-- DATA UNDER STUDY --
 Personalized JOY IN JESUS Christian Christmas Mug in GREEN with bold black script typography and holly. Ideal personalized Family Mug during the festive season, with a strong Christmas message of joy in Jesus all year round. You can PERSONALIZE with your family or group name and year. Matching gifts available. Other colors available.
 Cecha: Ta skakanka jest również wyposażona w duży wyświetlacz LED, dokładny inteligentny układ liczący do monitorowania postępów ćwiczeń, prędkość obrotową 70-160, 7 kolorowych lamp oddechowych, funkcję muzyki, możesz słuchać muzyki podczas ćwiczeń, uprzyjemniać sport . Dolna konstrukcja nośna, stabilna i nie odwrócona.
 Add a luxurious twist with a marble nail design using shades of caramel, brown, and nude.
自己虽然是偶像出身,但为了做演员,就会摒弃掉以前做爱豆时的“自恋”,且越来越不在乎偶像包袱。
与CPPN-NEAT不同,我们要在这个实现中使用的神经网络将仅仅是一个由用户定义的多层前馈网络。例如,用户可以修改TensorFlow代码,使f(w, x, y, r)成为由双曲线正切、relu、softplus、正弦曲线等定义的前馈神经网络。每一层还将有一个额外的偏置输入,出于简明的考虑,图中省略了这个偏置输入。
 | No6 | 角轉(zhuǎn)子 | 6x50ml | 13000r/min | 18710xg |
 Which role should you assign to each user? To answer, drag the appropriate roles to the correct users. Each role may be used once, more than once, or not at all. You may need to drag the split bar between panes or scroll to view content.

...

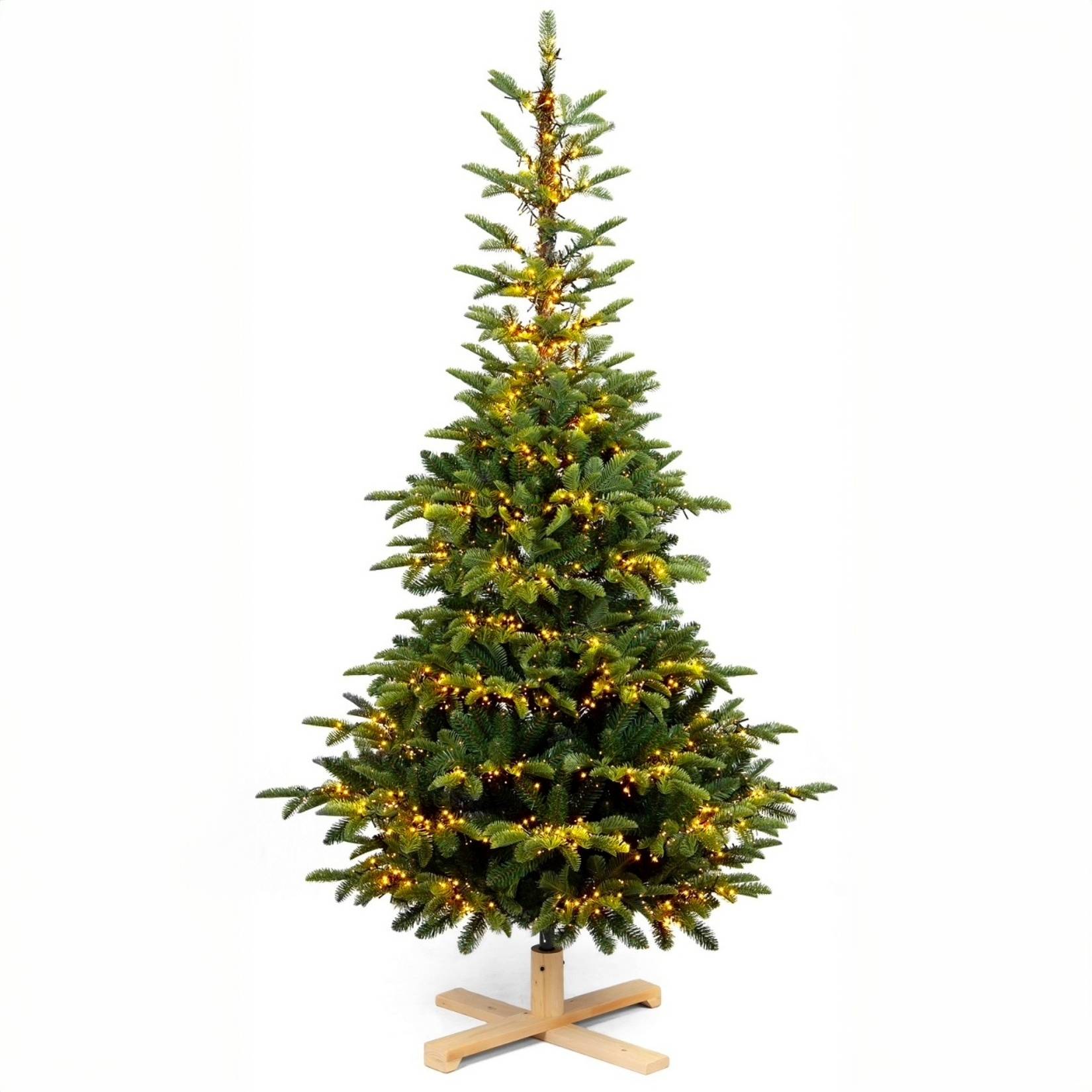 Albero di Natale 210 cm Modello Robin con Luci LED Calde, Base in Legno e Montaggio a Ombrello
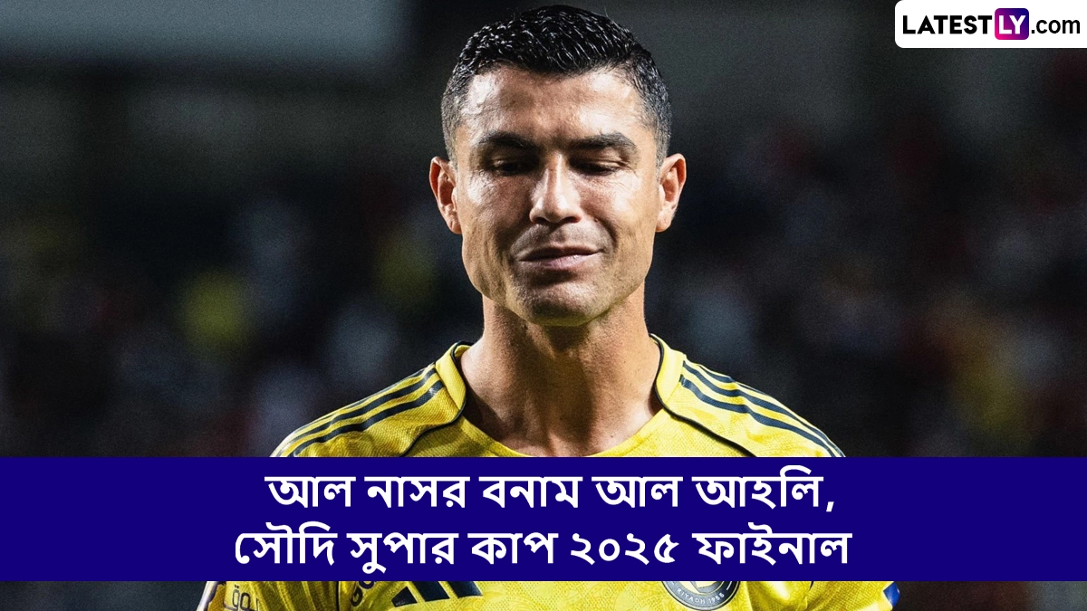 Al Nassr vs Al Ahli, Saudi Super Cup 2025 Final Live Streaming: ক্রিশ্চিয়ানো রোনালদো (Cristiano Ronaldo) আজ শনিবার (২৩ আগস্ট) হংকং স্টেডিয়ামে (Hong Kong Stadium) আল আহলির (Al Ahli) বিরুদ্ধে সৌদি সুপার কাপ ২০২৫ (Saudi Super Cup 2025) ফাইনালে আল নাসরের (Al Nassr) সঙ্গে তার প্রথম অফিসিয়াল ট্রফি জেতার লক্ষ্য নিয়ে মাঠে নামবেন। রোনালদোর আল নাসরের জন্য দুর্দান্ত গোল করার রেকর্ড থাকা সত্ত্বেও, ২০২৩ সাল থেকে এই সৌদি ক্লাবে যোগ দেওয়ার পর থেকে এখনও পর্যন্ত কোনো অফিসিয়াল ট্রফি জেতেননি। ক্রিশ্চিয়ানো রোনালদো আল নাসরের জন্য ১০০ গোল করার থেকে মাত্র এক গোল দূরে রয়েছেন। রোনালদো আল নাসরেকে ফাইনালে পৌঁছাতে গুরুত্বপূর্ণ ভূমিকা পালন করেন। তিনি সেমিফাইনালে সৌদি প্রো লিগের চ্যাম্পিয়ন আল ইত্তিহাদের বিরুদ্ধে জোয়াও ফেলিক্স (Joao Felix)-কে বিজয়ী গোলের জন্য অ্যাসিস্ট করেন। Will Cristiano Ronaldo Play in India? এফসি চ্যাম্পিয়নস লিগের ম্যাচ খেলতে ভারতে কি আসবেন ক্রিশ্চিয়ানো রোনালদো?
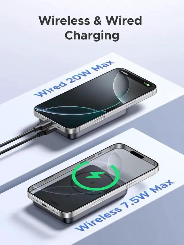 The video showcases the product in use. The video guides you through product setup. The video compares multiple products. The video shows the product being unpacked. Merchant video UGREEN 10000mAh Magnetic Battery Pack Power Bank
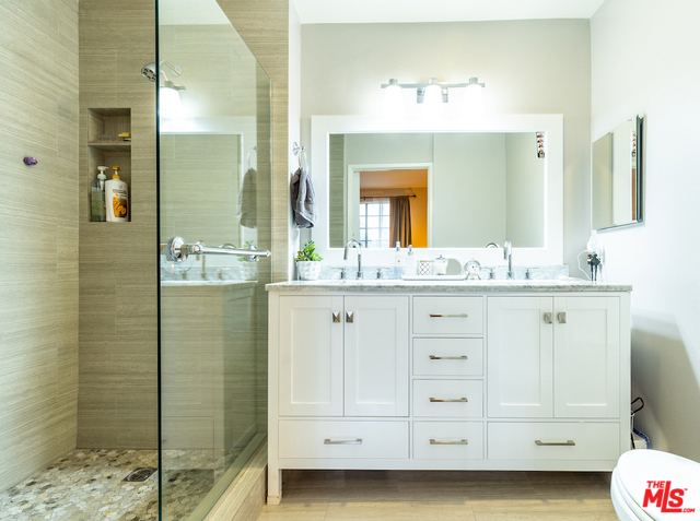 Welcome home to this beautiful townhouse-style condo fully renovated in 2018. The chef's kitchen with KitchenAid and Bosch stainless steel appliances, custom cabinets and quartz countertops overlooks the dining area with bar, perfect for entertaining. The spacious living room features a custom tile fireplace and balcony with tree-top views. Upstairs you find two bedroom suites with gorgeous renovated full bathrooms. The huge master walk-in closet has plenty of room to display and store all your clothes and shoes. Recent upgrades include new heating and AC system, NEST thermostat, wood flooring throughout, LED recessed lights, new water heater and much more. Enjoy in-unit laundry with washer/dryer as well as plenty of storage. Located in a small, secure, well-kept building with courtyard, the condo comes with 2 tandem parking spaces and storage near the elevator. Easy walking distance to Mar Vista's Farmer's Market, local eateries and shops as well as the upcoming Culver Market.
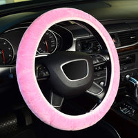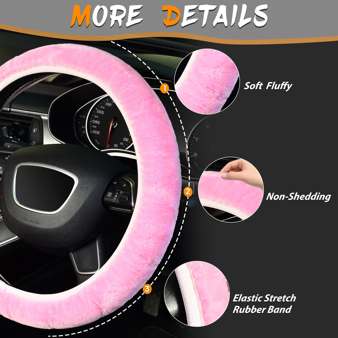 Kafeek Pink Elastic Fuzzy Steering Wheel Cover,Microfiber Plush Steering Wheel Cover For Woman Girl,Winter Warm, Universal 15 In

==

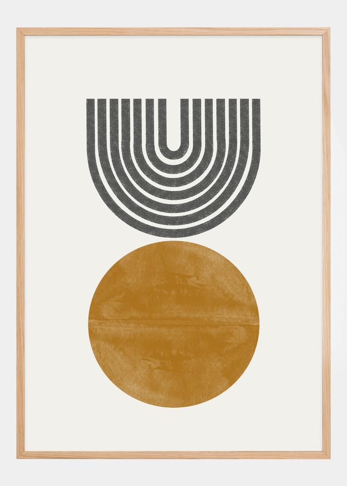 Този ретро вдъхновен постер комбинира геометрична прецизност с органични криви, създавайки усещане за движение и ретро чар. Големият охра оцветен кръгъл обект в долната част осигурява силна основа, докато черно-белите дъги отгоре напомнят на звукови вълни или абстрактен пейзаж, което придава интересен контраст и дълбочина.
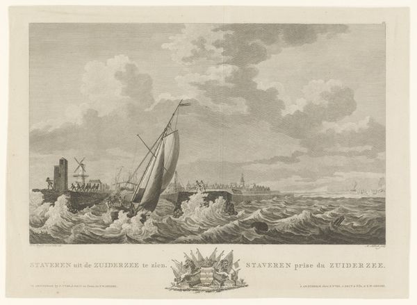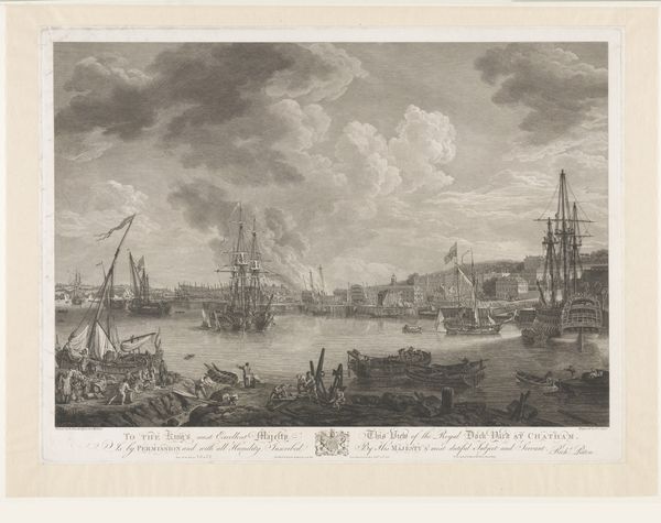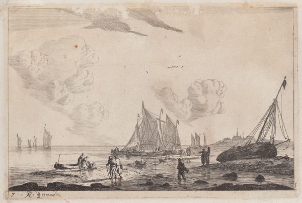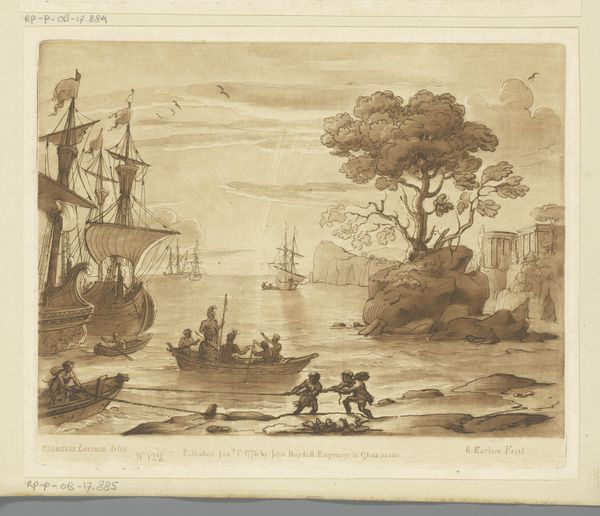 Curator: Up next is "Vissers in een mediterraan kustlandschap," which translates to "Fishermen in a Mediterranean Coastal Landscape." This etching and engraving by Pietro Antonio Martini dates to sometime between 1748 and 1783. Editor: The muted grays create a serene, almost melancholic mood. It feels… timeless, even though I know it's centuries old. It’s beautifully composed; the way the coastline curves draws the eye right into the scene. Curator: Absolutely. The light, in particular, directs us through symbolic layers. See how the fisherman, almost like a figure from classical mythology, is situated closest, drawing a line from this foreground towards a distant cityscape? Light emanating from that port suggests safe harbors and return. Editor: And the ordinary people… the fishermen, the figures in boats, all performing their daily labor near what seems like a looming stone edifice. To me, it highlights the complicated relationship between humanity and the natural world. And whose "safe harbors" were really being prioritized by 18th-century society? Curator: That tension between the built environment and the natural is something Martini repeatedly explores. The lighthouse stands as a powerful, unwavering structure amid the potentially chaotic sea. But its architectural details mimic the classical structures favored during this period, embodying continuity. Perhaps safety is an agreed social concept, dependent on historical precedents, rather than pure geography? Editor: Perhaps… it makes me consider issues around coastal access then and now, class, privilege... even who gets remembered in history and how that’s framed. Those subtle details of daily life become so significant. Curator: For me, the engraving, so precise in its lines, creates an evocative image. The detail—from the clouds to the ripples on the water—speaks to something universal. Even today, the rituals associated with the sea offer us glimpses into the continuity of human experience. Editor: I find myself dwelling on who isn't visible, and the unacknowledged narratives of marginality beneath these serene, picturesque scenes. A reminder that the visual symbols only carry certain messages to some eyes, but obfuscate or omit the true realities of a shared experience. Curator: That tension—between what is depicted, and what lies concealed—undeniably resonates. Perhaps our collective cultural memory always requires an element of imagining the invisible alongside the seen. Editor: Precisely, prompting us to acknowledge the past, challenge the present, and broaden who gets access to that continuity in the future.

-- TASK TO COMPLETE --
Only one part of the material above is to be transcribed, namely the lines starting with the line that has "Add a luxurious" and going on through the line that has "13000r/min | 18710xg |", exactly as they stand.

-- ANSWER TO THE PROBLEM --
 Add a luxurious twist with a marble nail design using shades of caramel, brown, and nude.
自己虽然是偶像出身,但为了做演员,就会摒弃掉以前做爱豆时的“自恋”,且越来越不在乎偶像包袱。
与CPPN-NEAT不同,我们要在这个实现中使用的神经网络将仅仅是一个由用户定义的多层前馈网络。例如,用户可以修改TensorFlow代码,使f(w, x, y, r)成为由双曲线正切、relu、softplus、正弦曲线等定义的前馈神经网络。每一层还将有一个额外的偏置输入,出于简明的考虑,图中省略了这个偏置输入。
 | No6 | 角轉(zhuǎn)子 | 6x50ml | 13000r/min | 18710xg |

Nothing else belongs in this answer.